I've found reading this entire thread really interesting and quite thoguht provoking. I live with Mr S and little in S in a small village. We don't have a service every week at the village Church, just once or twice a month. Little S thinks our vicar Charlie is fantastic and is not averse to asking typical four year old questions mid sermon. I'm glad to say his enquiring mind is encouraged by our small congregation. So, for me if there is a service at Church that's where we go, then lunch then an afternoon/evening LSR. If no service, extra snooze in bed and a LSR at some point during the day.
I completely agree with all the comments about being put off church as a kid. I recall trotting along to Church with my mum because that's just what you did and having to sit very quietly through very long tedious services. Everyone makes up their own mind in the end.
a really interesting thread!
I'd class myself as someone who does believe, but hasn't done a lot about it in recent years in terms of going to church regularly. Once in a while is more like it.
Personally, I go rowing on Sunday mornings, so LSR is either after work on Friday (always a joy) or Saturday. (Did try it after rowing once or twice - disaster - legs didn't work at all)

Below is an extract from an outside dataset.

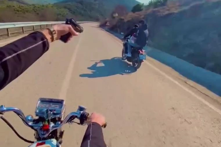 Bursa'da motosikletli gençler eğlencenin dozunu kaçırınca seyir halindeyken birbirlerine kurusıkı tabanca ile ateş ettiler. O anlar cep telefonu kamerasına yansıdı.
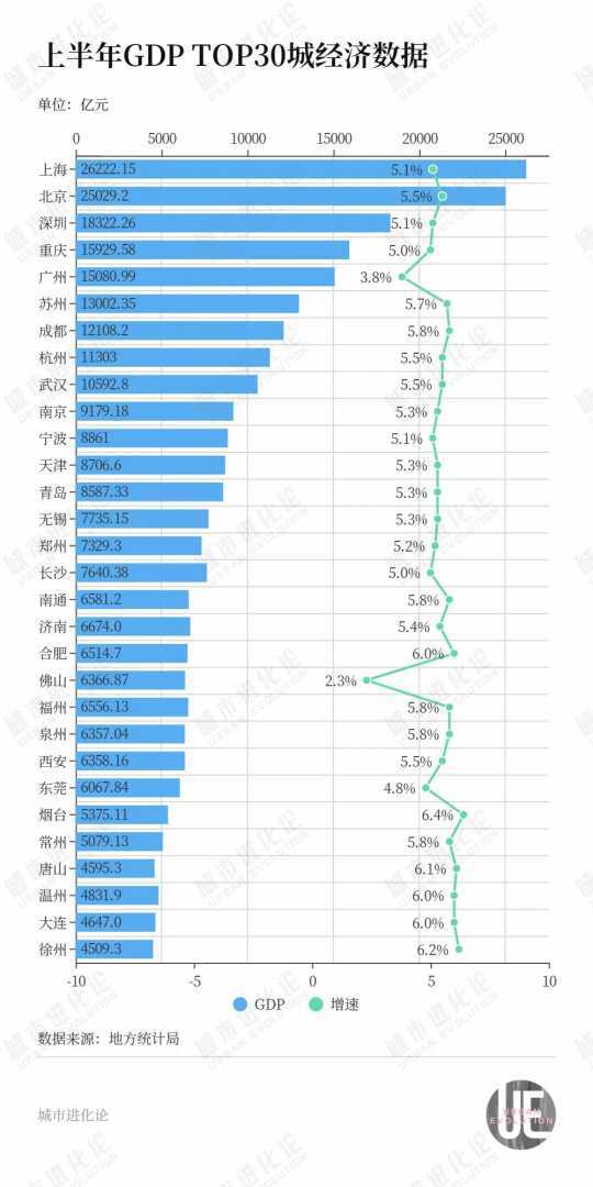 30城经济半年报:城市格局加速变化,京沪快跑成杭竞速

But I find it interesting that so many events - whether running, rowing, whatever - are held on Sunday mornings with the clear expectation that no-one will find this clashes with church. How expectations have changed over the last decades.
I quite agree with others that to my mind regular, clockwork, church attendance is not the be-all and end-all of a person's religious life. But I was on a course recently where I met a woman who said that she didn't like the fact that so many races were Sunday am. because church, for her, was really important and she was forever having to chose between two things which meant a lot to her - her running and her faith. She said she didn't do half as many events as she otherwise would have done.
Are there not also evening services, though?
Several other posters on here have referred to them. Perhaps it depends on your church.
I have been surprised by the number of church-goers on the forum. Other than my mother, I don't know anyone else who goes to church.
I guess a thread with a title like this would attract them even though they might not be that numerous, WIlkie.
If I don't believe in something, then I just leave it at that as long as it's a reasonable conclusion to draw based on the evidence, I don't really see it as something I need to work on.